DID New part

Ecdysis

MyPTSD Pro
So, I got re-traumatised a few years ago and it's done my head in like nothing else in childhood trauma has.

I think maybe during this experience, a new part emerged. Certainly, I don't know this part/ side/ aspect of myself.

There have been both deeply negative and deeply positive experiences regarding this new part.

Ever since being re-traumatised, this part has been totally dominant, has taken up nearly all the room/ time and the "me" I've been used to all my life is relegated to the sidelines and almost gone.

This part has very different interests/ values/ priorities than me... This part basically doesn't care about "my" life at all and wants to pursue totally different plans and goals.

It's a very weird experience.

I feel like this is a part of me that went missing during childhood abuse... So this part turning up feels like a homecoming, like being reunited at long last.

But it's also creating the hugest mess in my life.

This part doesn't know my old friends and acquaintances and can't relate to them. This part can't relate to the work I do for a living or to where I live.

It's like I've become a stranger in my own life.

I keep finding out random bits of information about this part, but am pretty much overwhelmed and clueless as to what I should do.

For a long time, after being re-traumatised, I fought really hard, to get things back to "how they had been". Which I guess entailed trying to get this new part to go away so that I could be the old me again.

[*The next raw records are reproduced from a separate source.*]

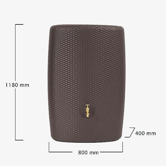 Size - approximately 47" (118cm) high, 32" (80cm) wide, 16" (40cm) deep. Weight approx. 15kg. Capacity 300 litres (66 gallons).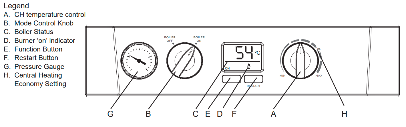 This image explains the layout of your boiler’s control panel, and will be referenced within this page for ease of use.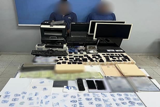 وعقب تقنين الإجراءات تم ضبطهما، وبحوزتهما "عدد من الأختام لشعار الجمهورية لجهات مختلفة "مزورين" – أكلاشيهات - الأجهزة والأدوات والأوراق والشهادات المستخدمة فى التزوير – 3 هواتف محمولة مُحمل عليها صور مستندات "مزورة" – مبالغ مالية".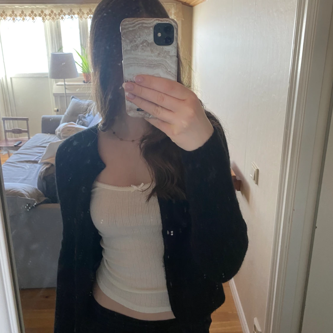 Svart kofta som aldrig kommit till användning. Den är i strl S och sitter super fint på🫶🏻Eftersom koftan är oanvänd så är den också i nyskick🙌🏻Skriv vid frågor eller egna bilder då alla är lånade. (Köpt för 399, pris kan diskuteras)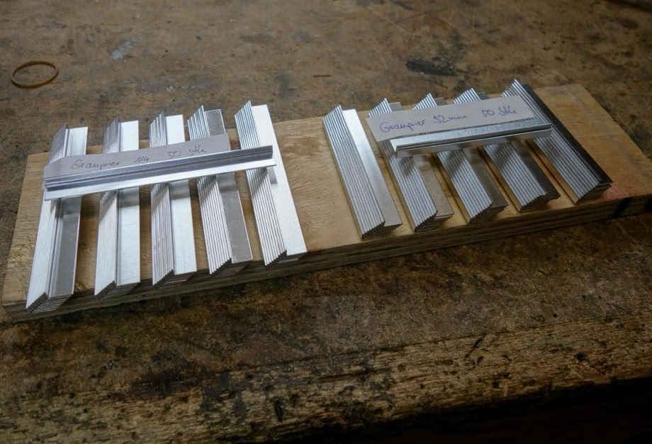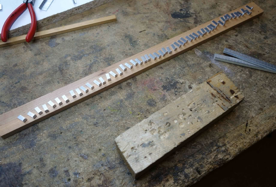 Jeder fertige Spurbügel wird dann nicht einfach auf einen Haufen geworfen, sondern gleich auf einem langen Brettchen abgelegt.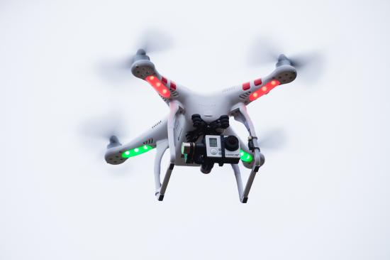 Обои Квадрокоптер с видеокамерой на белом фоне
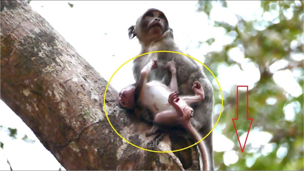 The tiny baby monkey Barbie had been sitting quietly on a branch when the unexpected happened. A playful but reckless young monkey pulled Barbie upward, climbing rapidly into the tall tree. The fragile baby struggled to hold on as the height grew more dangerous with every second.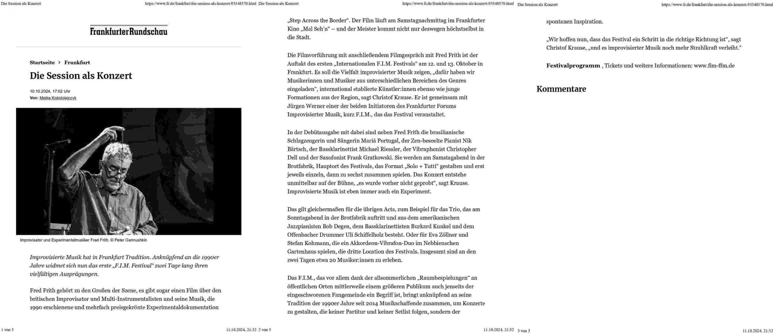 FNP, Oktober 2024: Zwei Tage voll mit improvisierter Musik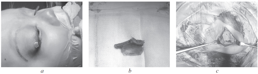 Fig. 3. Minifrontal approach: a – incisio line; b – resected area of the zygomatic process of the frontal bone; c – view of the operating field after fixation of the resected area with biodegradable miniplates
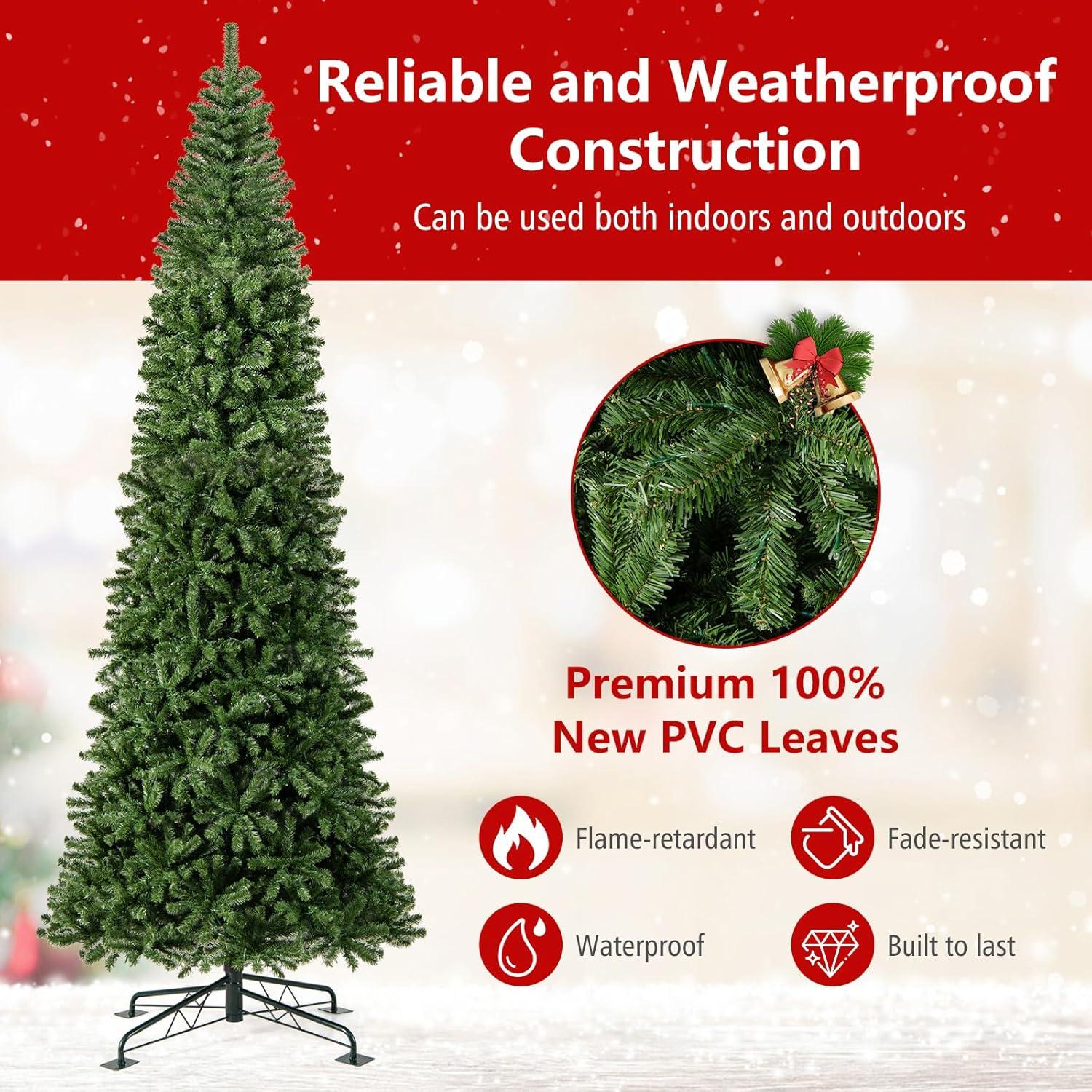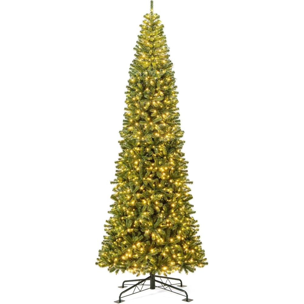 Goplus 12 FT Tall Pre-Lit Slim Pencil Christmas Tree, Artificial Hinged Xmas Tree with 2840 Branch Tips, 1000 Warm White LED Lights, Foldable Stand, Outdoor Indoor Home Office Holiday Party Decoration(Style C)

Anyone who's got experience working with parts knows that trying to make them go away is bound to end in failure.

I'm so confused by this situation and it scares me too. I can't grasp how the old me can suddenly be redundant and irrelevant.

And I have no idea how to deal with this weird new me that feels like a stranger and who's taken over my life.


(I currently don't have a therapist. My old therapist retired and my health insurance won't cover therapy costs again until January 2024. It sucks, but there's no point discussing it atm, cos it's simply not an option right now. I've done a lot of trauma therapy over the years tho, so I'm just going to have to work with what I learned there, for now.)

Sigh...

Maybe I should start by giving the new part a name? I'm going to go with Amy for now.

Amy scares me, feels like a stranger and feels like coming home, at the same time. And she feels much more powerful than me. (Whatever "me" even means anymore...)
 
Hi Ecdysis,
I can relate to bits of what you've shared here...
This part has very different interests/ values/ priorities than me...
and wants to pursue totally different plans and goals.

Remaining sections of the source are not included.